Lösung des Christus aus der Verankerung durch Martin Riedl
Transport des Christuskörpers im Akja
Transport des Christuskörpers auf dem Auto
20.06.1993 Festwagen-Bodenschneidkreuz 1894 – beim historischen Festzug zum 75-jährigem Stadtjubiläum
Die Segnung des neuen Kreuzes
Am Pfingstsonntag, 22. Mai 1994, segnen der katholische Pfarrer Nikolaus Dorfner und Günther Wilding für die evangelische Pfarrei unter großer Anteilnahme das mächtige Kreuz. Die Rösser der Marksteinerbauern Rieder ziehen anschließend den Wagen mit dem Kreuz nach Schliersee. Bis zur Krainsberger Alm übernimmt dann ein Lastwagen, von dort sollen Hubschrauber des BGS (Bundesgrenzschutz) das Kreuz auf den Gipfel transportieren. Erst beim dritten Anlauf, am Mittwoch, 22. Juni 1994, herrschen ideale Flugbedingungen. An die 30 Helfer sind auf dem Gipfel. Es gelingt auf Anhieb, die Bodenplatte des Kreuzes mit dem Betonfundament zu verschrauben. Das neue Eisenkreuz wiegt insgesamt 900 kg. Das ganze Kreuz besteht aus einem einzigen zusammenhängenden Stück. Es ist insgesamt 9,30 Meter hoch.
18.09.1994: Benediktion durch Weihbischof Franz Schwarzenböck
Weihbischof Franz Schwarzenböck, ein gebürtiger Miesbacher, erklärte sich bereit, die Benediktion des Kreuzes auf dem Gipfel und anschließend die Bergmesse beim Bodenschneidhaus vorzunehmen. Seine Predigt stand unter dem Motto: „Viele Wege führen zu Gott, einer geht über die Berge“. Die musikalische Umrahmung gestaltete die Miesbacher Stadtkapelle. Für die verstorbenen Mitglieder wurde am Gipfel der Bodenschneid ein Kranz niedergelegt. Mit der „Bayern-Hymne“ schloss die eindrucksvolle Feier, dann trafen sich viele Teilnehmer zum geselligen Beisammensein im Bodenschneidhaus.
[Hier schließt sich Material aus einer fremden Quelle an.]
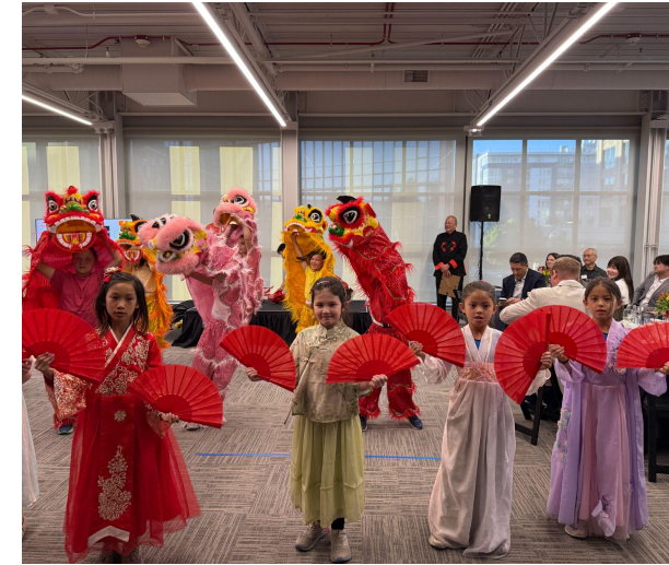
2026 San Mateo County Asian Pacific Islander Heroes Legacy Award

Together We Shine highlights excellence across classrooms, schools, programs, and community partnerships.

Nach Abzahlung der anfallenden Unkosten löste sich der „Bodenschneid-Kreuzerrichtungs-Verein“ auf und übergab die Verantwortung für das Kreuz wieder dem Heimat- und Volkstracht-Erhaltungsverein Miesbach. Gelder die noch vorhanden sind, werden für anfallende Renovierungen und für die jeweiligen Bergmessen verwendet. Es ist darüber getrennt Buch zu führen.
Alle 5 Jahre – gerechnet ab 1994 (100. Wiederkehr der Kreuzerrichtung) – soll am ersten Sonntag im September eine Bergmesse beim Bodenschneidhaus stattfinden. (Vgl. „Das Bodenschneidkreuz“, Dr. Gerhard Maier, 1994)
Für Bergsteiger und Wanderer
Die Bodenschneid ist ein 1.668 m hoher Berg in den Schlierseer Bergen im Mangfallgebirge. Sie erhebt sich zwischen Tegernsee, Schliersee und Spitzingsee und liegt damit im südlichen Landkreis Miesbach genau an der Grenze zwischen den Gemeinden Kreuth im Westen und Schliersee im Osten.
Die Bodenschneid ist ein langgezogener, oben freier Bergrücken mit steilen Abbrüchen nach Norden hin. Nordwestlich des Gipfels setzt ein Bergkamm namens Peißenberg an, der die wenig bekannten Erhebungen Rinnerspitz, Wasserspitz und Rainerkopf trägt.